Je comprends bien ce que vous pouvez ressentir. C’est sans doute ce que je ressentirais moi-même face à une telle situation.

Commençons par le plus terrible : vous vous demandez combien de temps cela peut durer. Derrière cette question il y a l’effroi, le chagrin, mais il y a aussi la lassitude : oui, il serait bon que cela se termine. Ce serait bon pour votre mère, car on se demande quel sens cela peut avoir de continuer ainsi ; mais ce serait bon pour tout le monde. C’est une souffrance que de s’avouer un tel sentiment : qui pourrait sans honte souhaiter la mort d’un être cher ?

La réponse est : tout le monde. Tout le monde dans une telle situation souhaite qu’on en finisse. Je ne connais pas de famille qui n’en soit pas, sous des formes plus ou moins claires, plus ou moins diverses, plus ou moins étranges, passée par là. Quand on se met à penser cela on n’est pas un monstre, on ne fait qu’éprouver un sentiment universel, qui fait partie du deuil normal. Faire un deuil c’est accepter que l’autre s’en aille, c’est y consentir, c’est se rendre à l’évidence que le moment est venu où les choses doivent s’accomplir. Ajoutons qu’en fin de vie (mais sommes-nous en fin de vie ?) quand ce sentiment émerge, quand la famille demande « si cela va durer encore longtemps », c’est l’indice quasi infaillible que, précisément, cela ne va pas durer longtemps.

C’est seulement quand on est en paix avec ce sentiment qu’on peut aborder froidement la question posée.

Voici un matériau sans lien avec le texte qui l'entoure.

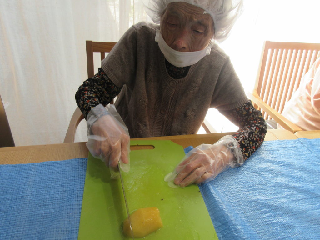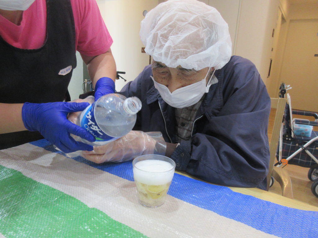 本日のレクリエーションは、皆さんお待ちかねの「フルーツサイダーづくり」。

Nous avons affaire à une vieille dame qui présente une démence profonde et qui n’a plus guère de communication. J’ai eu suffisamment d’expériences de cas où, quand on creusait, on s’apercevait que la présence au monde de tels malades était bien plus réelle qu’on ne pouvait le penser. Mais pour le mettre en évidence il faut des techniques particulières (avec sa « philosophie de l’humanitude » l’ami Yves Gineste aboutit volontiers à des résultats étonnants), et tout de même cela ne va pas très loin et ne change guère le fond du débat. Par contre cela pose la question de savoir si ce qu’elle vit est confortable ou ne l’est pas. Et si nous n’avons pas de moyen direct de répondre à cette question, il y a des moyens indirects, et le plus souvent nous sommes en droit de conclure que la vie qu’elle mène est somme toute confortable. La difficulté ici est de faire la différence entre ce que vous voyez, qui est atroce, et ce qu’elle vit, qui ne l’est pas ; or si nous voulons être droits il nous faut oublier ce que nous ressentons pour ne considérer que ce qu’elle ressent. Bref nous n’avons pas vraiment de raison pour considérer que ce qu’elle vit ne vaut pas la peine d’être vécu.

On n’en serait pas là si nous pouvions nous prononcer sur ce qu’elle veut. C’est tout l’intérêt des directives anticipées, même s’il faut être conscient des limites de cet exercice ; et c’est pourquoi j’ai écrit dans les miennes : il y aurait lieu de considérer la situation comme palliative si je me trouvais dans un état grabataire, ou si l’altération de mes fonctions cognitives imposait que je sois admis en maison de retraite. Autrement dit je veux que si une telle chose m’arrive on arrête les traitements.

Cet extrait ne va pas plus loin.